- IATA: none; ICAO: KMNF; FAA LID: MNF;

Summary
- Airport type: Public
- Owner: City of Mountain View
- Serves: Mountain View, Missouri
- Elevation AMSL: 1,181 ft / 360 m
- Interactive map of Mountain View Airport

Runways
| Direction | Length |  | Surface |
| ft | m |
| 10/28 | 5,005 | 1,526 | Asphalt |

Statistics (2005)
- Aircraft operations: 7,330
- Source: Federal Aviation Administration

= Mountain View Airport (Missouri) =

Mountain View Airport is a public airport located one mile (2 km) southwest of the central business district of Mountain View, a city in Howell County, Missouri, United States. It is owned by the City of Mountain View.

Although most U.S. airports use the same three-letter location identifier for the FAA and IATA, Mountain View Airport is assigned MNF by the FAA but has no designation from the IATA (which assigned MNF to the airport on Mana Island in Fiji).

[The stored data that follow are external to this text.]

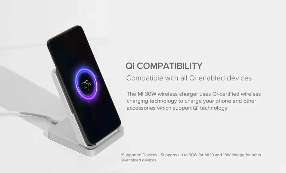 - The Xiaomi 30W Vertical Wireless Charger is an innovative charging solution that combines speed, convenience, and safety in a sleek package. With its 30W fast charging capability, it provides a significant power boost to your devices, ensuring they are ready to go in no time. Whether you’re rushing out the door or simply need a quick top-up, this charger has you covered.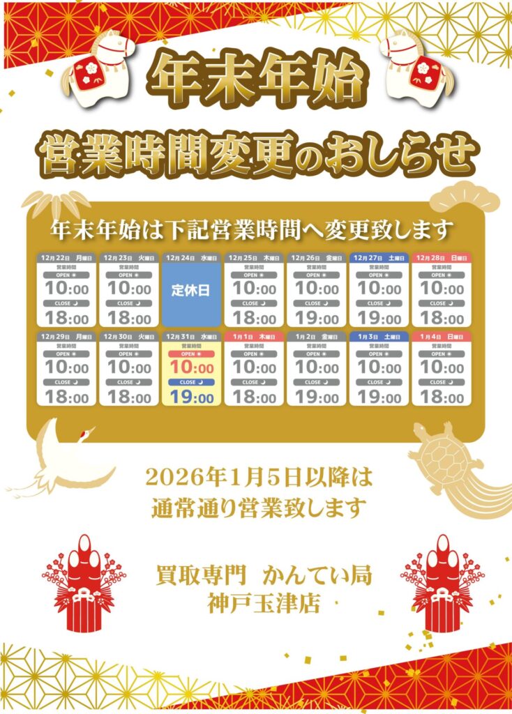 2025/12/29 年末年始営業時間のお知らせ 買取専門かんてい局 神戸玉津店は、年末年始も下記の通り営業いたします。 【営業時間】・12月28日(日)〜12/31(水)10:00〜18:00・1月1日(木)10:00〜18:00・1月2日(金)・1/3(土)10:00〜19:00・1月4日(日)10:00〜18:00 ※1月5日以降は通常営業となります。 年末年始のご不要品整理・買取のご相談は、ぜひ当店までお気軽にお持ち込みください。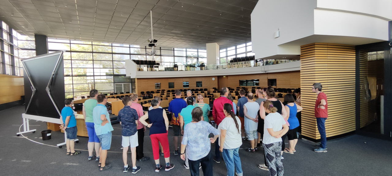 Weiter ging es mit einem Besuch im Plenarsaal. Es wurde uns erklärt, wie sich die Sitzordnung ergibt, wer wann und auch wie lang sprechen darf und welche verschiedenen Räume dazu gehören. Natürlich haben wir alle Platz genommen und unsere ganz eigene Plenarsitzung abgehalten. Thema war: Die Erhöhung des Werkstattentgeltes. Es haben sich einige getraut, nach vorn zu gehen um am Rednerpult zu sprechen.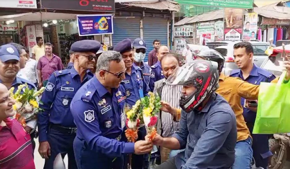ট্রাফিক আইন মেনে চলুন, হেলমেট পড়ুন নিজের জীবনকে রক্ষা করুন’ এ বিষয়কে ধারণ করে বুধবার দিনব্যাপী ট্রাফিক সচেতনতামূলক কর্মসূচিতে পুলিশ সুপার মাহাফুজ্জামান আশরাফ নিজেই ফুল ও চকলেট বিতরণ করেন।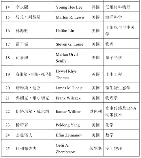 2021年中国科学院新当选外籍院士25人,分别来自11个国家,韩国和瑞士首次有科学家当选中国科学院外籍院士。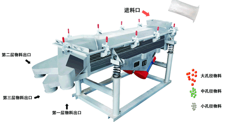 1030不锈钢直线振动筛的筛分过程概括来说是物料通过进料口均匀的进入直线筛,通过各不同层次筛网筛分多种规格的筛上物、筛下物,又从不同的出料口排出,达到筛分目的。1030不锈钢直线振动筛具有产量高、能耗低、结构简单、易维修、全封闭结构、无粉尘溢散、自动排料等特点,更适合流水线作业。

== Facilities and aircraft ==
Mountain View Airport covers an area of 120 acre which contains one asphalt paved runway (10/28) measuring 5,005 x 75 ft (1,526 x 23 m). For the 12-month period ending August 31, 2005, the airport had 7,330 aircraft operations, an average of 20 per day: 97% general aviation, 3% air taxi and <1% military.